# Action item:
Pictures excluded, please retype exactly the lines from the start of the data through the line that contains "Interview des Siegers", both ends kept, and nothing beyond them.

# Given information:
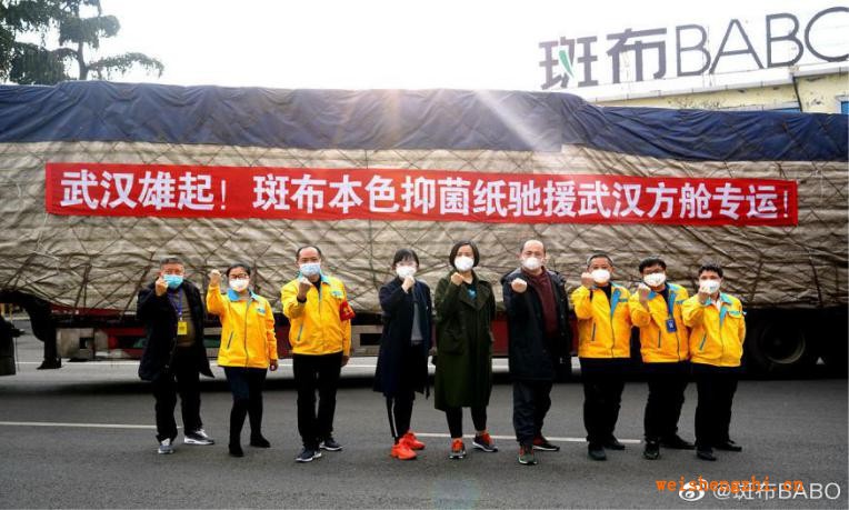 當公司得知武漢方艙醫院大量緊缺生活物資,斑布主動聯系公益慈善基金會,再次組織貨源,于2月11日起,將分兩批次組織車隊定向武漢九家方艙醫院捐 贈斑布本色生活紙 201萬元,為武漢方艙醫護人員及患者提供生活方便。
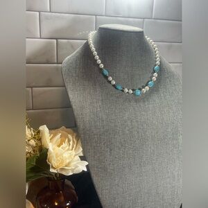 Vintage Faux Blue Turquoise and Faux White Pearl Beads Necklace Silver Tone 18”
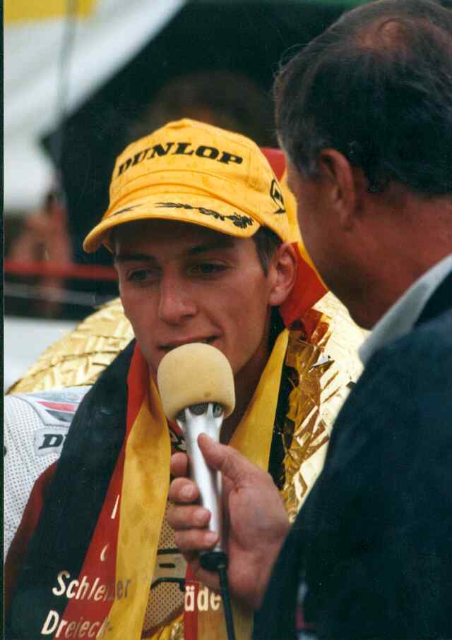 Interview des Siegers Christian Gemmel. Er gewann die 250 m³-Klasse nach einem riskanten Überholmanöver in der
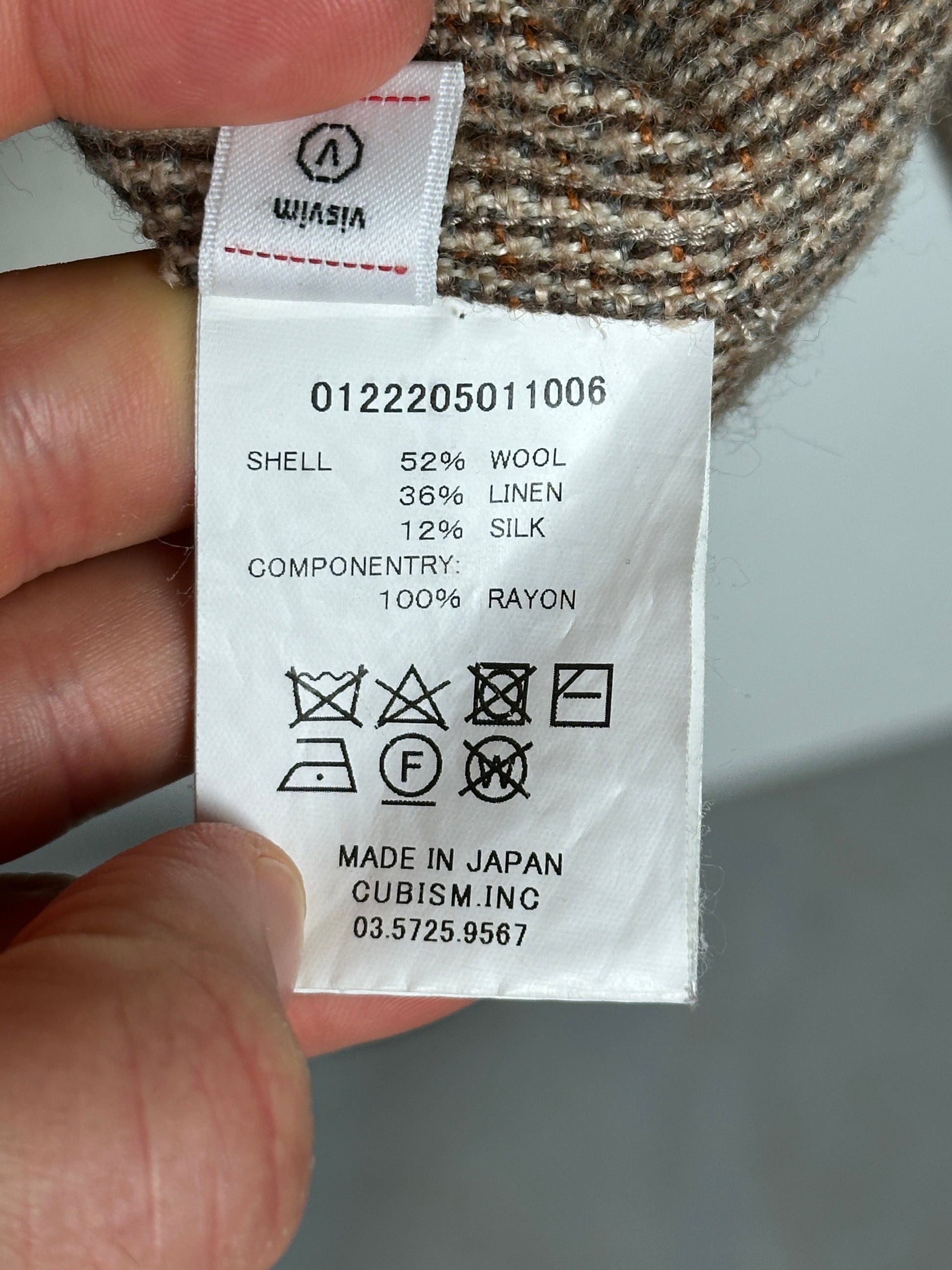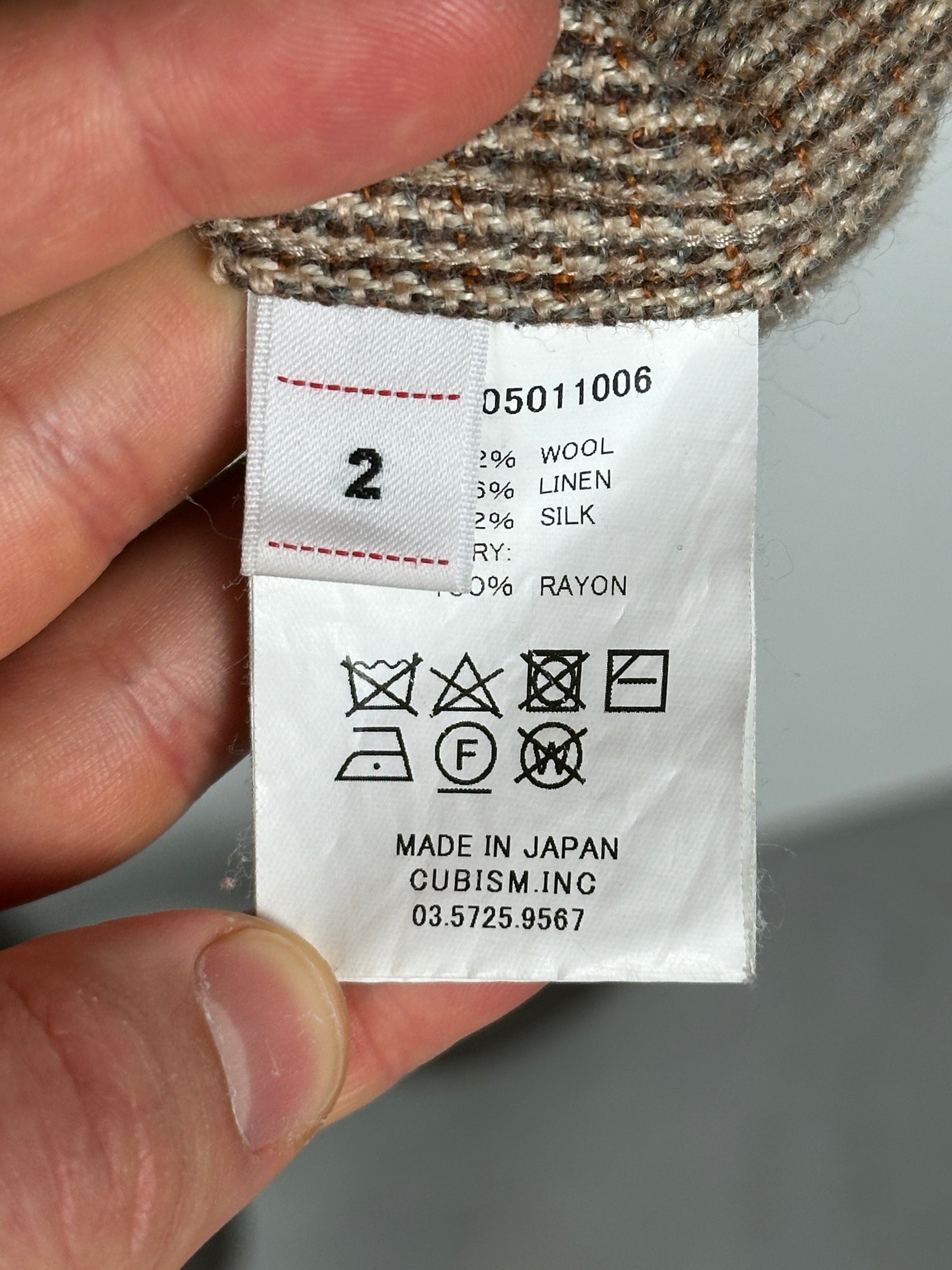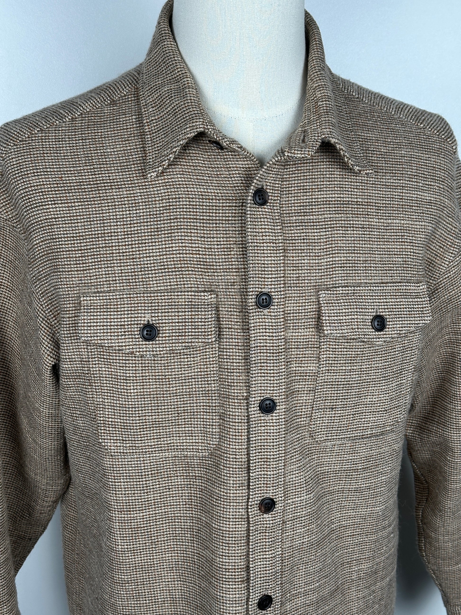 The shirt is constructed using an original tweed fabric woven using an intricate arrangement of wool, linen, and silk yarns creating a dry texture with a rich color. Once constructed, the coat was press finished resulting in shape retention and smooth seams. The coat is partially lined in rayon fabric at the back yoke and cuffs.

# Task answer:
 當公司得知武漢方艙醫院大量緊缺生活物資,斑布主動聯系公益慈善基金會,再次組織貨源,于2月11日起,將分兩批次組織車隊定向武漢九家方艙醫院捐 贈斑布本色生活紙 201萬元,為武漢方艙醫護人員及患者提供生活方便。
 Vintage Faux Blue Turquoise and Faux White Pearl Beads Necklace Silver Tone 18”
 Interview des Siegers Christian Gemmel. Er gewann die 250 m³-Klasse nach einem riskanten Überholmanöver in der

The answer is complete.